Berlanga: Political decision makers can save people from amputation

Seven years ago, one of the greatest findings of Cuban science was announced. At the laboratories of the Center for Genetic Engineering and Biotechnology (CIGB) in Havana, a formula was developed that has benefited more than 148,000 diabetes patients worldwide.

Heberprot-P is its name. It is a medication that provides a therapy of replacement, effective and unique, aimed at promoting healing in diabetic-foot ulcers and therefore to reduce the risk of amputation.

The visible advances in the application of this product to more than 28,000 Cuban diabetes patients has enabled its acceptance in countries like Venezuela, Argentina and Turkey and its expansion in Ecuador and Algeria. It is registered in 20-some countries and is expected to be registered in 20 others by 2015.

Heberprot-P has made its way in a worldwide context that demands the use of strategies to treat a disease that will affect 592 million people by 2035. The United States is one of the countries (behind China and India) with the largest number of people affected by diabetes mellitus and its complications.

That is why the interest in the Cuban experience has grown among doctors, academicians and researchers in the United States. But the complex political relations between the two countries make the use of this product in the U.S. impossible.

Nevertheless, this year, for the first time, Jorge Berlanga, the scientist who is considered to be the father of Heberprot-P was able to present the results of his findings in Washington and Los Angeles, a step that many consider hopeful.

Progreso Weekly wanted to know his impressions about that experience and about the upcoming international conference on diabetes control that will be held in Cuba next December.

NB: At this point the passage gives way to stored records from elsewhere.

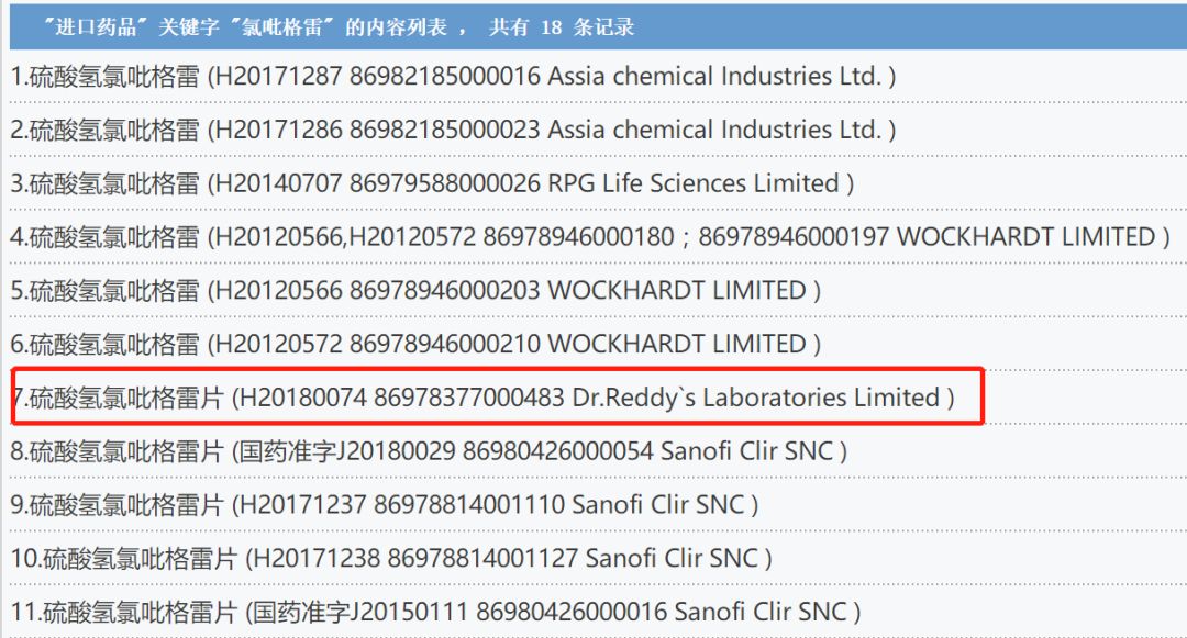 據(jù)該公號(hào)信息,印度大型制藥企業(yè)Dr.Reddy`s Laboratories Limited(瑞迪博士)的氯吡格雷仿制藥歷時(shí)11年,在國內(nèi)通過NMPA審批,于2018年11月30日發(fā)證。
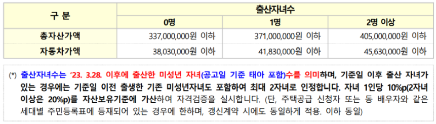 자녀는 주택공급에 관한 규칙2조제23호에 따른 신청자의 세대구성원인 자녀태아를 의미하므로 신청 시 유의하시기 바랍니다.(이하 이 공고문에서 같음)
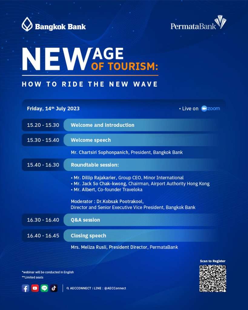 โอกาสนี้ ธนาคารกรุงเทพ และ ธนาคารเพอร์มาตา (Permata Bank) จึงได้ร่วมกันจัดสัมมนาออนไลน์ ในหัวข้อ “ยุคใหม่อุตสาหกรรมท่องเที่ยว: ปรับตัวอย่างไรให้ตรงใจนักเดินทาง” (The New Age of Tourism: How to Ride the New Wave) เพื่อเป็นเวทีสำหรับแบ่งปันมุมมอง ข้อคิดเห็น และข้อมูลเชิงลึกจากผู้บริหารธุรกิจและองค์กรชั้นนำในอุตสาหกรรมท่องเที่ยวของอาเซียน ซึ่งเชื่อมั่นว่าจะเป็นประโยชน์อย่างยิ่งแก่ธุรกิจต่างๆ ที่อยู่ในห่วงโซ่คุณค่าของธุรกิจท่องเที่ยว

Lisandra Díaz Padrón: Please give us a brief history of Heberprot-P.

Jorge Berlanga
Jorge Berlanga

Jorge Berlanga: In 1984, before the CIGB was inaugurated, the man who cloned and expressed the protein-coding genes for the Epidermal Growth Factor (EGF) was the CIGB’s current director, Luis Herrera. By 1987, Cuba had purified EGF as a mature protein. We were the second country to do so, after the United States. The first line to be developed was topical formulation. Treating a wound, we instinctively apply medication on it, whereas the mechanism of wound healing goes from below the wound to the surface.

In 1991, we began to work on aspects of the pharmacology related to the EGF. In 1994, we started a parallel line of research where we injected the EGF. To be honest, I was never completely satisfied with the results of its topical application. The experiments told us that that was not the adequate way to apply it and that led us to develop the theory that by injecting EGF on the edges and bottom of the ulcer we could rescue and regenerate the tissues.

The first clinical trials began in 2001. We could do them because here, at the Center, we had large quantities of EGF obtained through a recombinant process, with a high degree of purity, identical to the one we humans have. The main message sent by all those studies was that the pharmacology of the topical administration had nothing to do with the injectable administration.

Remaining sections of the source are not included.